Despite the utility of SSRs, a lack of these markers has been observed on micro-chromosomes, which are likely rich in coding sequences. Consequently, other genetic markers are utilized at the chicken genome level to investigate genetic relationships and assess diversity.

2.3. Development of Markers Using Next Generation Sequencing

The recent advancements in molecular genetics through next-generation sequencing have created new avenues for enhancing broiler and layer yields. Next-generation sequencing offers valuable resources for developing molecular markers and designing primers for PCR and fingerprinting reactions. Utilizing markers across the entire genome is crucial for identifying potentially harmful homozygosity and preventing the loss of genetic diversity in chickens. A previous study employed Whole Genome Sequencing (WGS) on 54 native and commercial strains (15), revealing higher genetic diversity in native strains (Lari, Khazak, and Marandi) compared to the commercial Leghorn line. Another investigation employed WGS on 185 broiler chickens in China (6) to determine genetic diversity and population structure, confirming 24 introgressions of commercial meat breeds (16). Whole Genome Sequencing proves to be a cost-effective tool for generating large datasets to accurately estimate phylogenetic relationships between populations. In this study, three types of traits were investigated using WGS: Qualitative, quantitative, and threshold traits (see Figure 1).

Association of identified genes with chicken traits through Whole Genome Sequencing (<a href="#A144329REF17">17</a>-<a href="#A144329REF41">41</a>).

Figure 1.

Association of identified genes with chicken traits through Whole Genome Sequencing (17-41).

2.4. Structural Variants

Structural Variants (SVs) are significant determinants of animal phenotypic diversity and play a crucial role in genetic diversity in livestock. Structural Variants encompass a wide range of genomic modifications, categorized into intervals: < 50bp, 50bp to 1Kb, 1 - 10Kb, 10 - 100Kb, > 100Kb, or Unknown (see Figure 2). Most SVs are associated with body size and weight, plumage coloration, and pigmentation in chickens (42). These mutations are grouped into two classes: Unbalanced modifications, which alter DNA content, and balanced modifications, such as inversions and inter or intra-chromosomal translocations, which influence the orientation and/or location of DNA. Recently, SV markers have been widely employed to determine genetic diversity and phenotypic differences in chickens.

Figure 2.

Graphical representation of structural variants (SVs)

2.5. Indels

Indels represent the primary source of molecular-level changes and are extensively utilized as molecular markers in the study of economic traits in livestock. These di-allelic markers are distributed throughout the chicken genome. Yan et al. (43) identified two indels associated with economic traits, revealing that these indels emerged during a rigorous selection process. Some functionally significant genes were found to be shared, suggesting that merging them could help elucidate the relationship between genes and traits. Chang et al. (44) identified the C2CD3 gene as the causative gene of the talpid2 mutation in chickens. Furthermore, their study shed light on the distribution of indels in the chicken genome and their potential impact on gene function, deepening our understanding of chicken genome diversity. Despite the sequencing of the chicken genome, some micro-chromosomes exhibit lower quality. Previous reports identified 158.98 MB of new sequences, including 1 335 protein-coding genes not found in the GRCg6a reference genome, through chicken Pan-genome (PG) construction. These genes play crucial roles in various biological processes, such as immune pathways. Li et al. (45) conducted PG analysis of 20 assembled chicken genomes and identified 1335 new genes involved in fatty acid metabolism, steroid synthesis, and immune response.
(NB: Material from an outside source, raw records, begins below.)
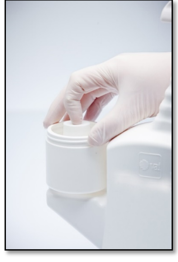
16 oz SimpleMix Container
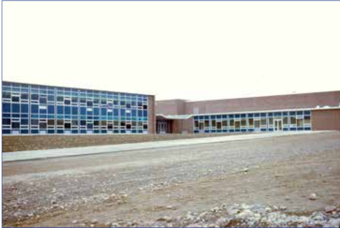
Photo taken of the Senior High School, 1965.

This year marks the 50th anniversary of the high school. The original high school on this campus was dedicated on March 14, 1965. The building has since morphed into the Junior High School, with an entirely new high school built adjacent to the original building.
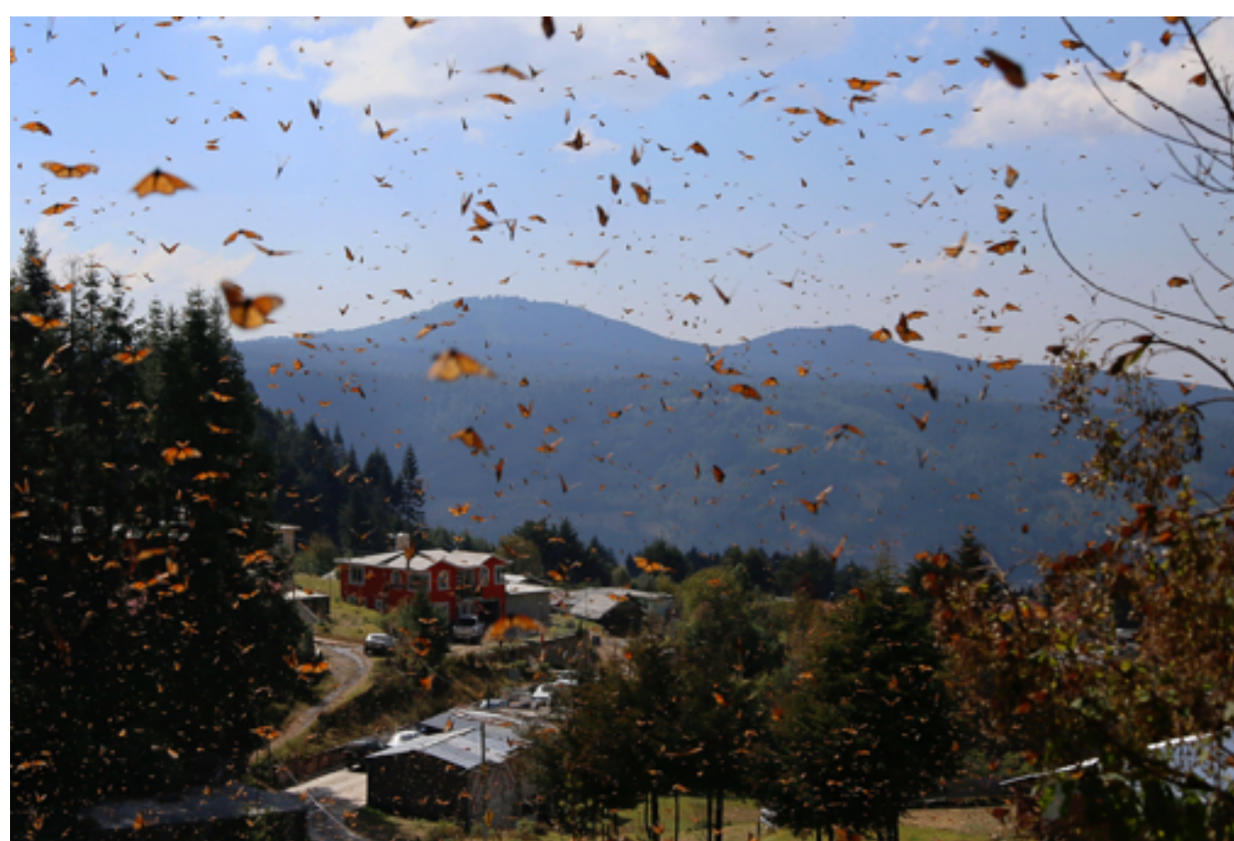
FLUTTER SPEED MEETS SHUTTER SPEED Monarch butterflies fill the air around on the mountaintops in the Monarch Butterfly Biosphere Reserve, a UNESCO World Heritage Site in Michoacán, Mexico.

The migratory monarch butterfly, a subspecies of the monarch butterfly, was recently added to the IUCN's Red List as an endangered species, due to pressures from habitat loss and climate change.
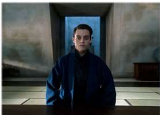
Rami Malek stars as Safin, the latest Bond villain in NO TIME TO DIE - Click to Play

This week saw a flurry of release date changes from major studios. The lynchpin came Thursday when MGM and United
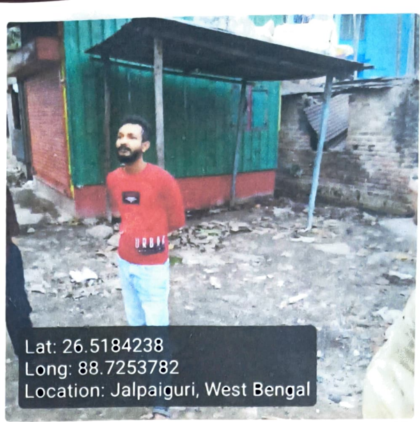
Lat: 26.5184238 Long: 88.7253782 Location: Jalpaiguri, West Bengal
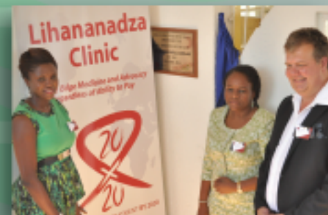
AHF opens a new clinic in Swaziland together with the government and Peak Timbers Company.
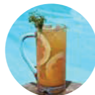
Sippy Spritz East Indies Gin, Limoncello, Blood Orange Tonic, Lemon & Pomelo 600K
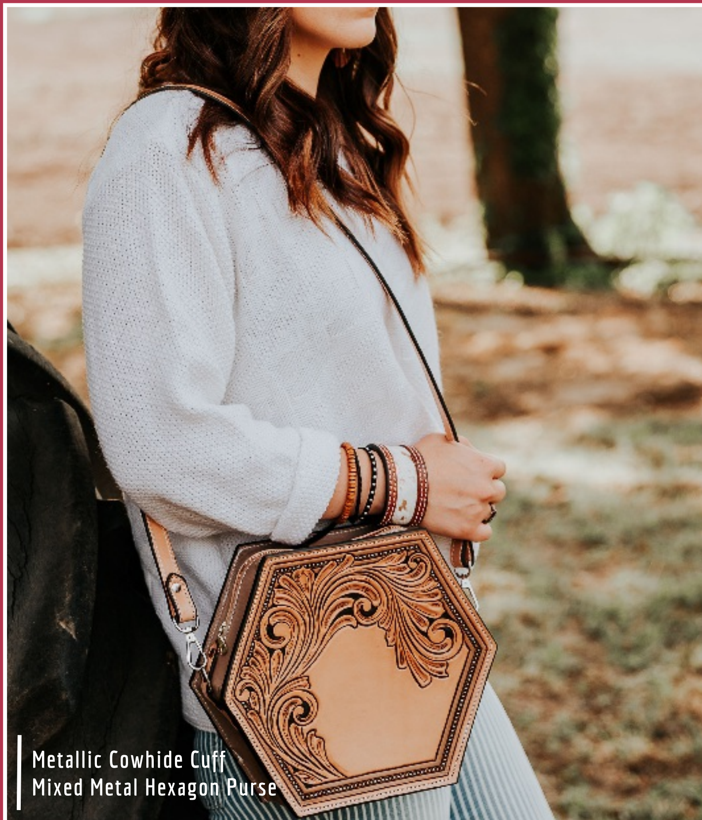
Metallic Cowhide Cuff Mixed Metal Hexagon Purse

2.6. Copy Number Variations

Utilizing whole-genome information is essential for understanding and maintaining the genetic foundation of commercial chickens. Several studies have employed WGS in chickens, sheep, ducks, and quails. Almeida et al. (46) conducted WGS of 28 broilers, identifying approximately 9 914 904 SNPs and 793 603 indels. Similarly, Huang et al. (24) utilized various markers, including SNPs, SVs, copy number variations, and indels, to explore chicken genetic diversity. Copy Number Variations markers are also valuable for investigating complex diseases and economically important traits. Genotyping of 554 chickens from Xinghua and White Recessive Rock breeds revealed 1 875 CNVs, with approximately 109 of them being novel (47). In a study on skeletal muscle growth within the same population, polymorphic CNVs overlapping with the SOX6 gene were positively correlated with SOX6 gene expression. Using a complete F2 chicken population (n = 554) derived from a cross between Xinghua and White Recessive Rock chickens, researchers identified a total of 1875 CNVs, averaging 3.42 per individual.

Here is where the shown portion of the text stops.